In addition to these core fire modules, the model also makes use of several support modules involved in parameter estimation and model calibration. Fire regime parameters are estimated from historic fire data using the Canadian National Fire Database (Canadian Forest Service, n.d.) in order to reproduce realistic fire patterns. Parameterization and calibration of the model can be done separately for each geographic region used in the model (e.g., by ecoregion), allowing finer scale parameterization across large geographic areas. Individual spread parameters are determined in each geographic region following a four-part process. First, the region is buffered by a set distance and a flammability map is generated for the buffered region using the 2005 Land Cover Map of Canada (Latifovic et al., 2005). Next, fires are repeatedly simulated on the landscape across a range of spread probabilities. These fires cannot start in the buffered area, but may spread to and from the buffer. This reduces the influence of edge effects in determining mean fire size. Then the spread probabilities and resulting fire sizes are fit with a shape-constrained additive model (SCAM) (Pya and Wood, 2015). The SCAM is monotonic to ensure fire size increases for any incremental increase in spread probability. Lastly, an optimization algorithm is used to predict the spread probability that will generate the estimated mean fire size for the region.

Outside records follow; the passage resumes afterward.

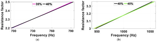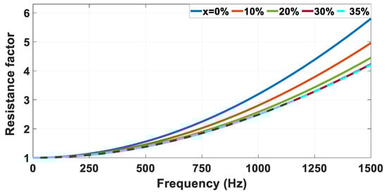 The values of and for each value of are calculated according to the equations of Table 1. The power losses per slot ( for a 4-layer winding are shown in Figure 3a. The results of the analytical model are validated at several points with the finite element method (FEM) using Ansys Maxwell. 2022. The third curve for each case of is the interpolation (Intrpl) of the FEM results. Different values of height reduction are introduced in Figure 3b. It can be noticed that the increase in leads to a decrease in the resistance factor at high frequencies. However, there is a crossover frequency. Below this frequency, the increase in leads to an increase in the power losses, which leads to an increase in From the curves of and , it can be observed that for frequencies > 730 Hz, results in lower values of . While for frequencies < 730 Hz, results in higher values of than in the case of as shown in Figure 4a. The same can be observed in Figure 4b for and at . Which means that for operation below , the use of asymmetric winding with results in more losses.
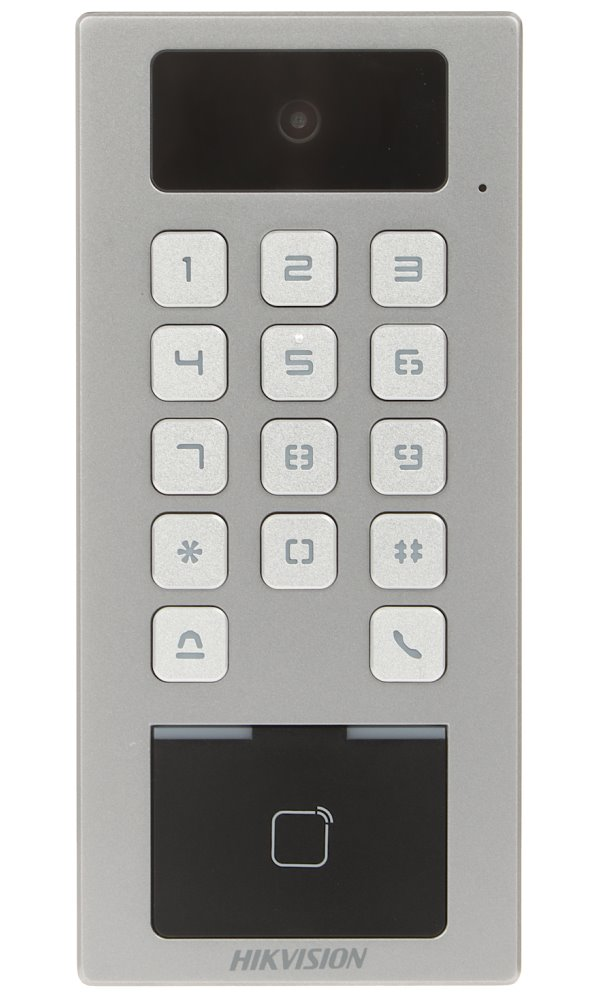 Elegantní IP dveřní interkom s klávesnicí a čtečkou karet/čipů s technologií Mifare (13,56 MHz). Z další výbavy je k dispozici 2 Mpx kamera a slot pro SD kartu s kapacitou až 256 GB. Připojení je realizováno klasicky skrze RJ-45 s rychlostí 10/100 Mbps + podpora SIP nebo pomocí Wi-Fi připojení. Jednotka je vhodná i pro venkovní využití díky krytí dle IP65 + antivandal odolnosti dle IK09.
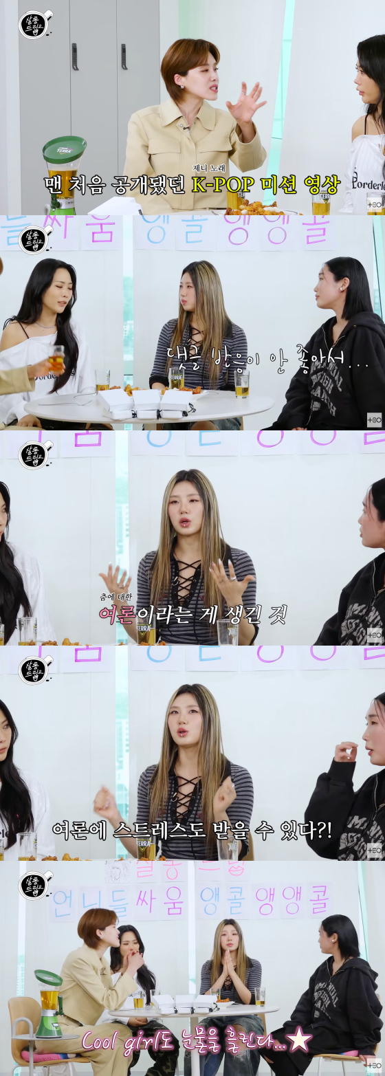 허니제이는 "처음에는 반응이 좋아서 다행이었다"면서 "다음 날 연습실에 모였는데 애들 표정이 다 안 좋더라. 댓글 반응이 안 좋다는 거다. 하룻밤 새 반응이 갈렸다"고 답했다.
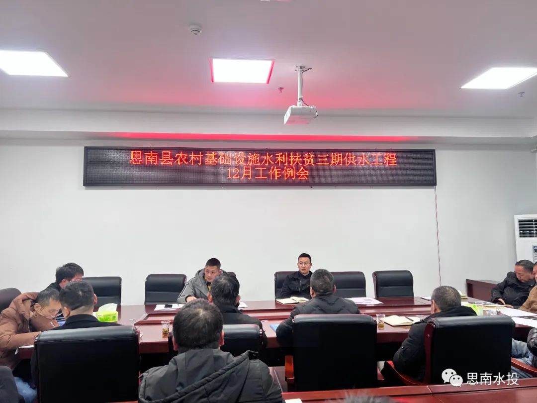 12月28日,县水投公司副总经理安侠芳组织召开思南县农村基础设施水利扶贫三期供水工程12月工作例会,监理单位、审计单位、施工单位人员参加会议。

This version of the model considers lightning-caused fires only. Fires are started by applying a random number sequence to each cell independently. Fires are extinguished when no further spread events (jumps) occur. After a fire, forested cells are reset to age 1. Thus, fires are presumed to be stand initiating. These processes result in irregular patches of variously sized burns. The locations of fires are not constant across simulations because of stochastic patterns of fire ignition and growth. The model tracks the sizes and compositions of each burn. Fire sizes follow a probability distribution largely determined by the spread parameter(s). The current implementation does not account for differences in vegetation type with respect to fire spread (e.g., flammability), nor is it climate sensitive. The more experimental fireSense model (Marchal, Cumming, and McIntire 2017), recently implemented in SpaDES, could be used in future updates to explicitly account for climate and vegetation impacts on fires (in prep).
## References
Armstrong, Glen W, and Steven G Cumming. 2003. “Estimating the Cost of Land Base Changes Due to Wildfire Using Shadow Prices.” Forest Science 49 (5): 719–30. https://doi.org/10.1093/forestscience/49.5.719.
Cumming, Steve G, D Demarchi, and C Walters. 1998. “A Grid-Based Spatial Model of Forest Dynamics Applied to the Boreal Mixedwood Region.” Working Paper 1998–8. Sustainable Forest Management Network. https://doi.org/10.7939/R35N33.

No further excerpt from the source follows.